Code Walkthrough: M5Stick + OSC

Here’s a breakdown of the changes and additions we made in code.

1. Include Libraries and Setup Pins

We import the required libraries for the M5Stick hardware, Wi-Fi, UDP, and OSC. Then we define the trigger and echo pins for the HC-SR04 distance sensor.

#include <M5StickCPlus.h>
#include <WiFi.h>
#include <WiFiUdp.h>
#include <OSCMessage.h>

int trigPin = G0;
int echoPin = G26;

2. Wi-Fi and OSC Setup

We define the OSC address, SSID and password of the Wi-Fi network, the IP address of the receiving machine (e.g. a laptop running Unity), and the port number.
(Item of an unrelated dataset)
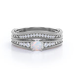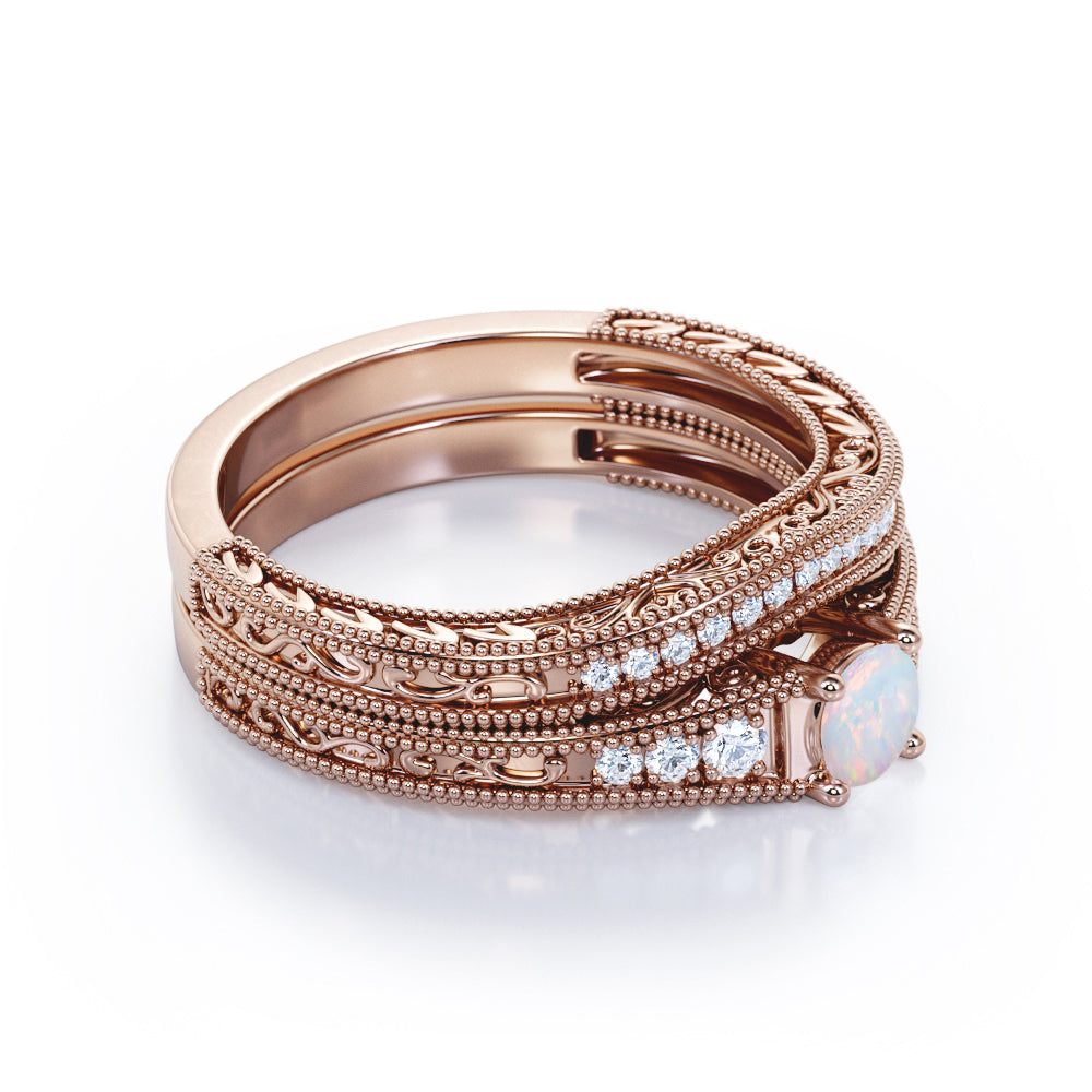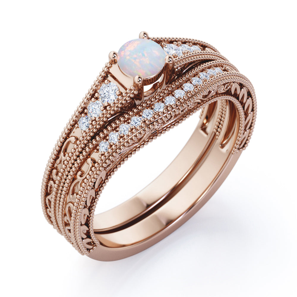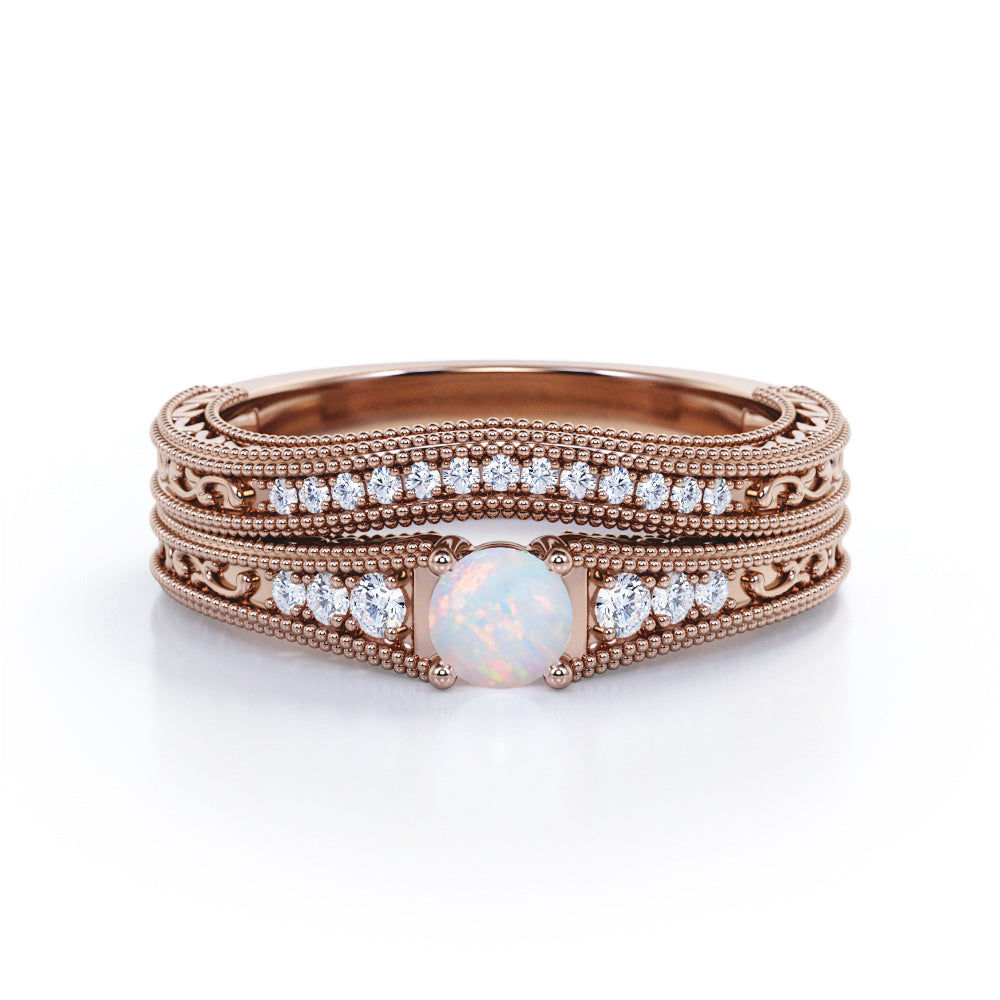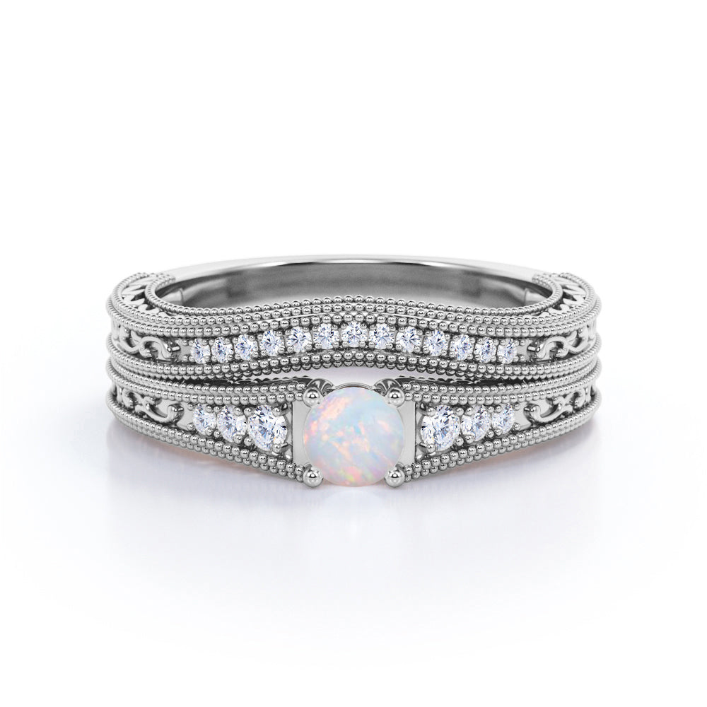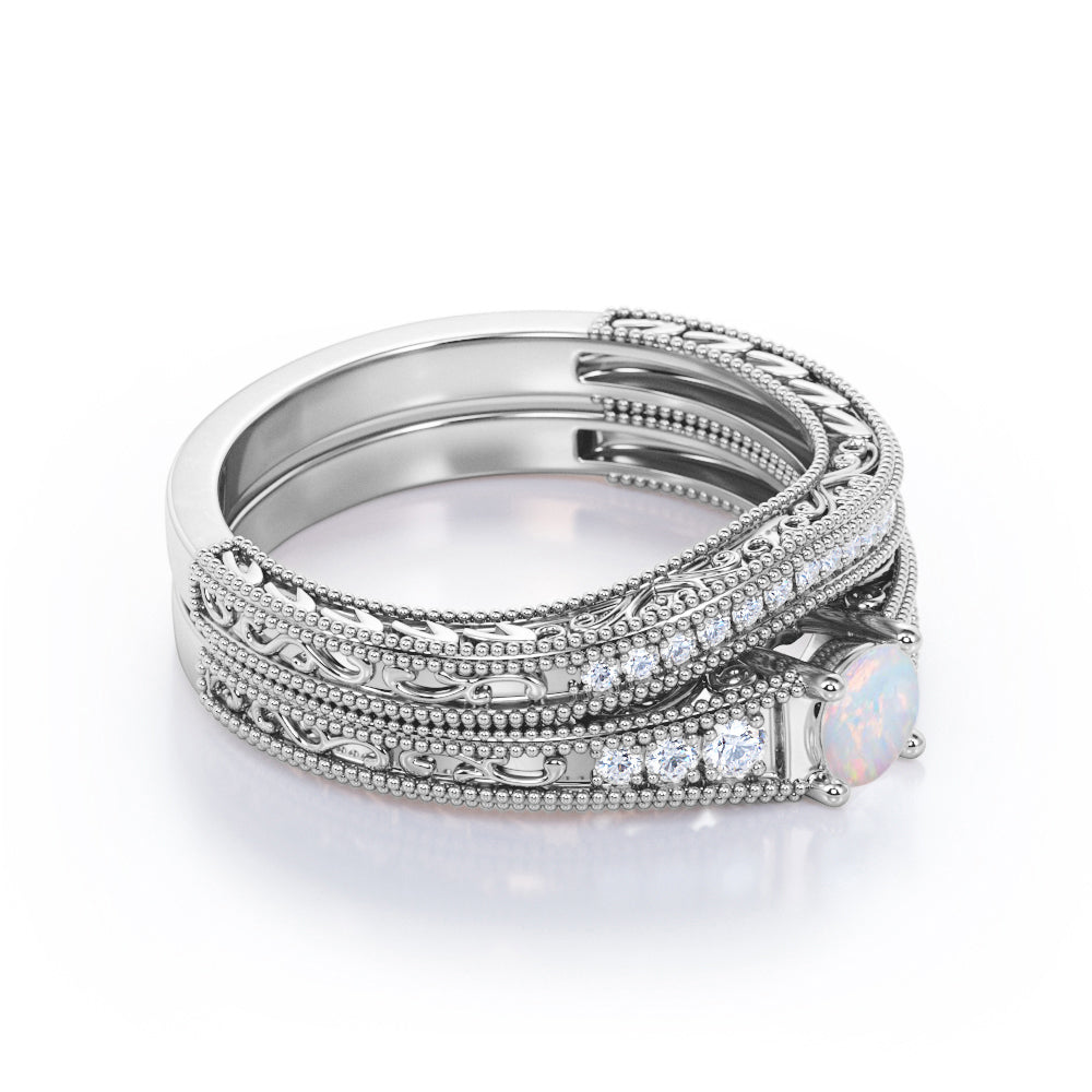 Tapered Four Prong Beaded 1.25 Carat Round Cut Ethiopian Opal And Diamond Vintage Art Deco Engagement Ring In White Gold. A thoughtful choice for the playful yet romantic bride. For a fashion-forward twist, opt for this exceptional statement piece. The subtle taper in the pave band accentuates the natural fiery opal at the center. Set in white gold, this ring has antique sensibilities, perfect for the vintage-loving bride.This modern art deco wedding ring set features 1 carat opal and is adorned with 0.25 carat white round glistening set of diamonds on either side of the center stone inclusive of a matching art deco beaded wedding band. This beaded wedding ring set features exceptional art deco and filigree work which makes this ring more charming. This tapered four prong beaded 1.25 carat round cut Ethiopian opal and diamond vintage art deco wedding ring set in white gold can also be customized into 18k Gold plating over silver, 10k Gold or 14k Gold as per your desired choice.

String address = "/M121/distance";

const char *ssid = "JoesPhone";
const char *password = "12345678";

const IPAddress outIp(10, 42, 218, 255);  // Receiving computer IP
const unsigned int outPort = 8000;        // OSC port

3. Setup Function

The setup() function initializes the M5Stick screen, connects to Wi-Fi, and begins listening on the network.

void setup() {
  M5.begin();
  Serial.begin(115200);
  pinMode(trigPin, OUTPUT);
  pinMode(echoPin, INPUT);

  while (!connectToWiFi()) {}
  udp.begin(outPort);

  M5.Lcd.println("Ready\n");
  M5.Lcd.println("Sending to:");
  M5.Lcd.print("IP: ");
  M5.Lcd.println(outIp);
  M5.Lcd.print("Port: ");
  M5.Lcd.println(outPort);
}

4. Loop: Distance Measurement + OSC Sending

This is the main loop that measures distance and sends it as an OSC message.

void loop() {
  // Trigger the ultrasonic pulse
  digitalWrite(trigPin, LOW);
  delayMicroseconds(2);
  digitalWrite(trigPin, HIGH);
  delayMicroseconds(10);
  digitalWrite(trigPin, LOW);

  // Measure echo time
  float duration = pulseIn(echoPin, HIGH);
  float inches = (duration * 0.0135) / 2.0;

  // Send as OSC message
  OSCMessage msg(address.c_str());
  msg.add(inches);
  udp.beginPacket(outIp, outPort);
  msg.send(udp);
  udp.endPacket();
  msg.empty();

  delay(50);  // Small pause to prevent flooding
}

5. Wi-Fi Connection Helper

This function connects the M5Stick to the defined Wi-Fi network and prints status updates to the screen.

bool connectToWiFi() {
  M5.Lcd.print("Connecting");
  WiFi.mode(WIFI_STA);
  WiFi.begin(ssid, password);

  unsigned long startAttemptTime = millis();
  while (WiFi.status() != WL_CONNECTED && millis() - startAttemptTime < 30000) {
    M5.Lcd.print(".");
    delay(400);
  }

  if (WiFi.status() != WL_CONNECTED) {
    M5.Lcd.println("\nErr: Failed to connect");
    delay(2000);
    return false;
  } else {
    M5.Lcd.println("\nConnected to:");
    M5.Lcd.println(ssid);
    M5.Lcd.println(WiFi.localIP());
    delay(2000);
    return true;
  }
}

Next Steps

Now that the M5Stick is sending OSC messages over the network, I plan to test this with my team and work through how to receive those messages in both Unity (for Wwise audio control) and TouchDesigner (for visuals). We’ll also explore setting up multiple M5Sticks on the same network and assigning each one a unique OSC address to keep things organized.

Code and diagrams adapted from Joe Hathaway, Edinburgh College of Art, 2024, used under the MIT License.